White farmers who were evicted last week from farms during the fast-track land reform have been handed a paycheque of US$1 million in the form of 12.5 percent equity in Kuvimba Mining House.
Initiated by the Government and led by private investors, Kuvimba declared a cumulative dividend of US$5.2 million to shareholders.
Through their lobby group, the Commercial Farmers Union (CFU), the former farmers said the decision by the Government to allocate the white farmers’ shares in Kuvimba Mining House, demonstrated the State’s commitment to resolving a decades-long conflict over land.
CFU president, Andrew Pascoe stated that while the US$1 million dividend payment was only a little fraction of the finances required to pay off the full compensation, it represented a “seed that will germinate” into bigger things.
Pascoe said beneficiaries were initially skeptical about the Government’s decision to give shares to the white former commercial farmers who lost their land under the land reform initiative.

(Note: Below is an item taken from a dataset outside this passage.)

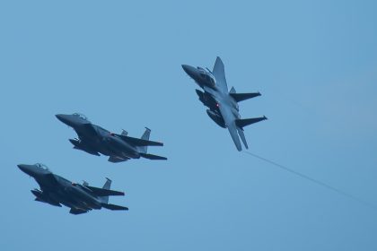 Cool photo shows F-15E Strike Eagles conducting a Missing Man formation to honor Korean War ace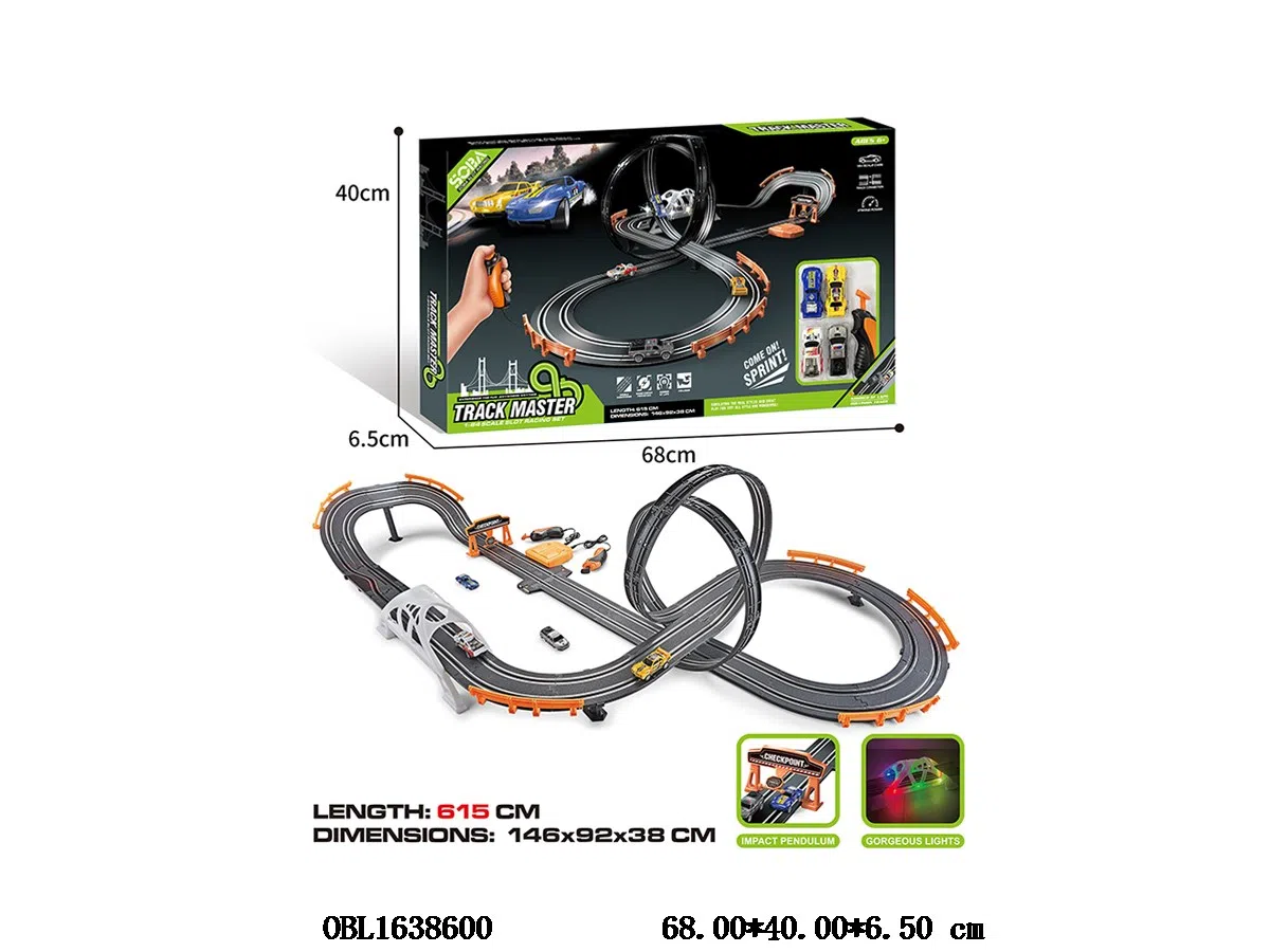 1:64电动竞速轨道赛车套装 2只路轨赛车/带线遥控器 6*AA不包电

He however observed that the distribution of the dividend last week went a long way to prove the government’s commitment to resolving the issue.
In September 2020, the government agreed to pay $3.5 billion in compensation to local white farmers whose lands were forcibly taken by the government to resettle Black families, moving a step closer to resolving one of the most divisive policies of the Robert Mugabe era.
The foreign white farmers protected by treaties between their governments and Zimbabwe should be compensated for both land and other assets. He added that the compensation deed signed last year between the government and the farmers was driven by a desire to put aside “our differences and work together and find the best way forward to bring an end to a conflict that has raged for over the last 20 years”.
“It is undeniable that the conflict has caused immense hardships for all of us Zimbabweans. The signing of that (compensation) deed was, from my perspective, a momentous occasion,” he added.
“Going forward from this, the commitment being shown by the Government to find the funds needed to pay the compensation is demonstrated clearly through the shares allocated to us”.
The land issue is a sensitive one with some quarters saying there should be no compensation at all, even for improvements made on farms, since the land had been illegally acquired by the white farmers’ predecessors.